> _WHAT TO WORK ON_
Please repeat only the lines below starting at the line that holds "Выполняем декупаж. Для" and ending at the line that holds "Kamolee портативный Гвоздезабивной", exactly, with both of those lines included and every picture omitted.

> _SOURCE INFORMATION_
+-------+

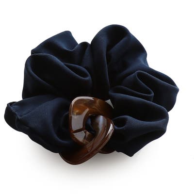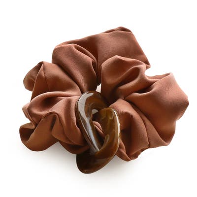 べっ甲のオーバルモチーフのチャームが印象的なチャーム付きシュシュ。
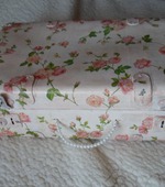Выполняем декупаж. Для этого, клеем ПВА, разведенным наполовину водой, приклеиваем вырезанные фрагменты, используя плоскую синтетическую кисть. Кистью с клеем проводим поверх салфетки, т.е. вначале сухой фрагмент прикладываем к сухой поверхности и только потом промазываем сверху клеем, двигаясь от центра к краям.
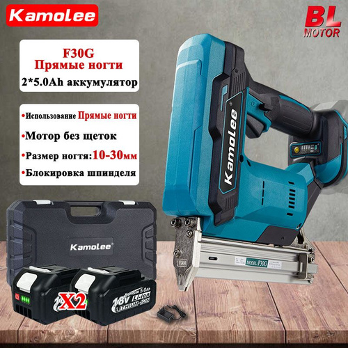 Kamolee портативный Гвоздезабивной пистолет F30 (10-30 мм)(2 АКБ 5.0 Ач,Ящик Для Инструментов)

+-------+

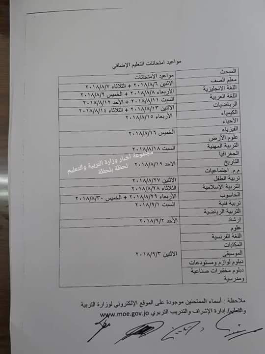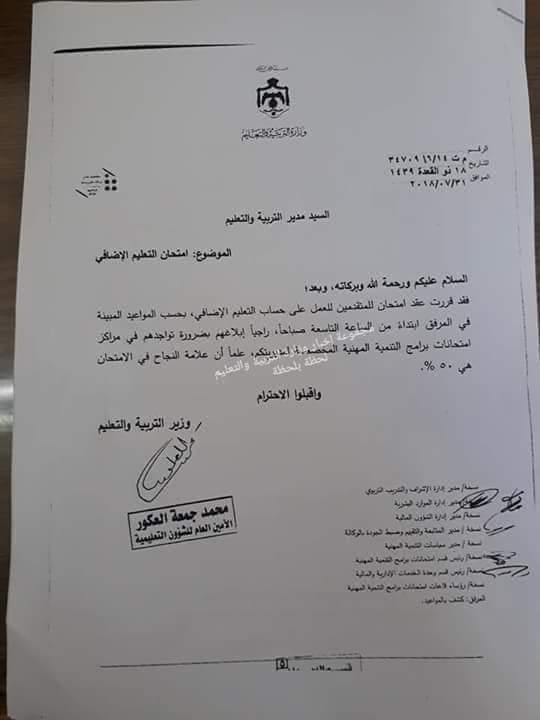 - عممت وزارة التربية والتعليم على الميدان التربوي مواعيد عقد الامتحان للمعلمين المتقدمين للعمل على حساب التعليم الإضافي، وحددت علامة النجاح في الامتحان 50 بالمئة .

+-------+

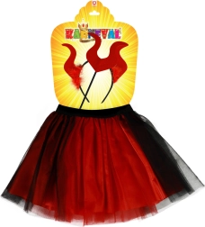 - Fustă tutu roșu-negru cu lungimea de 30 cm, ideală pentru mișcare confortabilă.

+-------+

> _EXERCISE RESULT_
Выполняем декупаж. Для этого, клеем ПВА, разведенным наполовину водой, приклеиваем вырезанные фрагменты, используя плоскую синтетическую кисть. Кистью с клеем проводим поверх салфетки, т.е. вначале сухой фрагмент прикладываем к сухой поверхности и только потом промазываем сверху клеем, двигаясь от центра к краям.
 Kamolee портативный Гвоздезабивной пистолет F30 (10-30 мм)(2 АКБ 5.0 Ач,Ящик Для Инструментов)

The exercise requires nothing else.